*** Block opens ***

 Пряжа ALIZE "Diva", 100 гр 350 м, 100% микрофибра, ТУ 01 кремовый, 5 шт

*** Block closes ***
*** Block opens ***

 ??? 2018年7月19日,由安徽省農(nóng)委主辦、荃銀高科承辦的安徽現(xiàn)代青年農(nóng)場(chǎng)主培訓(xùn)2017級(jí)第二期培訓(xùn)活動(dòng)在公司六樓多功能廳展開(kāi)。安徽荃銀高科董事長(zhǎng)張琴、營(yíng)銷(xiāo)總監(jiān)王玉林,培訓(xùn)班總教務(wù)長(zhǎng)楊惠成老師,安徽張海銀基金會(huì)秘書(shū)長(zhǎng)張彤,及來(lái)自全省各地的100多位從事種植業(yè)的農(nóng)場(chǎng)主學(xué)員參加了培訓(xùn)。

*** Block closes ***
*** Block opens ***

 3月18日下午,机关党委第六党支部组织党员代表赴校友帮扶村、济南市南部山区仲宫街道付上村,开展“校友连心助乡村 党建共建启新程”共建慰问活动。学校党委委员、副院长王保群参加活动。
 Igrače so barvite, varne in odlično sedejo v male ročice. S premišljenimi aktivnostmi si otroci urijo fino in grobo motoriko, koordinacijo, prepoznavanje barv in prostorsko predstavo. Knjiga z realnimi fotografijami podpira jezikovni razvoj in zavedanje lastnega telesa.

*** Block closes ***

> _Exercise directions_
Each line in the entries above, starting at the line with "3月18日下午,机关党委第六" and ending at the line with "Igrače so barvite, varne", is to be printed exactly, and only those lines.

> _Result of this exercise_
 3月18日下午,机关党委第六党支部组织党员代表赴校友帮扶村、济南市南部山区仲宫街道付上村,开展“校友连心助乡村 党建共建启新程”共建慰问活动。学校党委委员、副院长王保群参加活动。
 Igrače so barvite, varne in odlično sedejo v male ročice. S premišljenimi aktivnostmi si otroci urijo fino in grobo motoriko, koordinacijo, prepoznavanje barv in prostorsko predstavo. Knjiga z realnimi fotografijami podpira jezikovni razvoj in zavedanje lastnega telesa.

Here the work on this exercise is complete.